In our work, female gender, hepatomegaly, an uneven liver surface and the presence of thick subcutaneous soft tissue reduced the percentage of proper in regard to iQR (%) PSWSMs. A correlation between gender and hepatomegaly could imply that the reduction in iQR (%) in women was due to a higher incidence of an enlarged liver. To obtain a more detailed analysis comparing iQR (%) with gender, we divided the group into subgroups with and without hepatomegaly, and we found that female gender was an independent factor that decreased the PSWSM percentage with the correct iQR/M parameter.

A significant limitation of this study was the small size of the group due to a large number of patients with outdated biochemical tests. To determine the exact relationship between biochemical tests and elastography, it would be necessary to perform them on the same day. Unfortunately, this condition could not be met because this was a retrospective study of outpatients. An additional limitation was the diversity of aetiological factors for liver diseases, which was responsible for the heterogeneity of the investigated population.

5. Conclusions

Results of pSWE correlated positively with liver fibrosis biochemical indexes. The King’s Score index presented the strongest correlation. However, prediction of elastographic results cannot be predicted on the basis of individual indexes or panels comprised of several indexes.
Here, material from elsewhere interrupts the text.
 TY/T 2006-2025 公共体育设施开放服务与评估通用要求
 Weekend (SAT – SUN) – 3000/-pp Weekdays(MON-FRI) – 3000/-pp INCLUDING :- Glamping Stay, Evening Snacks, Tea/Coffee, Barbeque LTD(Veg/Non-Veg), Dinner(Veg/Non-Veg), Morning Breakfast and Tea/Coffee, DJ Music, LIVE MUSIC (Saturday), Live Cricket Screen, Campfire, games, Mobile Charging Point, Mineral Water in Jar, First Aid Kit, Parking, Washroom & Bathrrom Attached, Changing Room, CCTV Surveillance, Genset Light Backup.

A greater soft tissue thickness, uneven liver surface, presence of hepatomegaly and female gender were factors that significantly impaired the pSWE quality indicators. Technical problems encountered during pSWE elastography do not result from any specific liver pathology.

Even if there is a correlation on a group basis for some of the fibrosis scores by biochemistry and SWE, pSWE seems to provide individual and different information on the status of liver fibrosis, which probably makes it a better tool than any fibrosis score.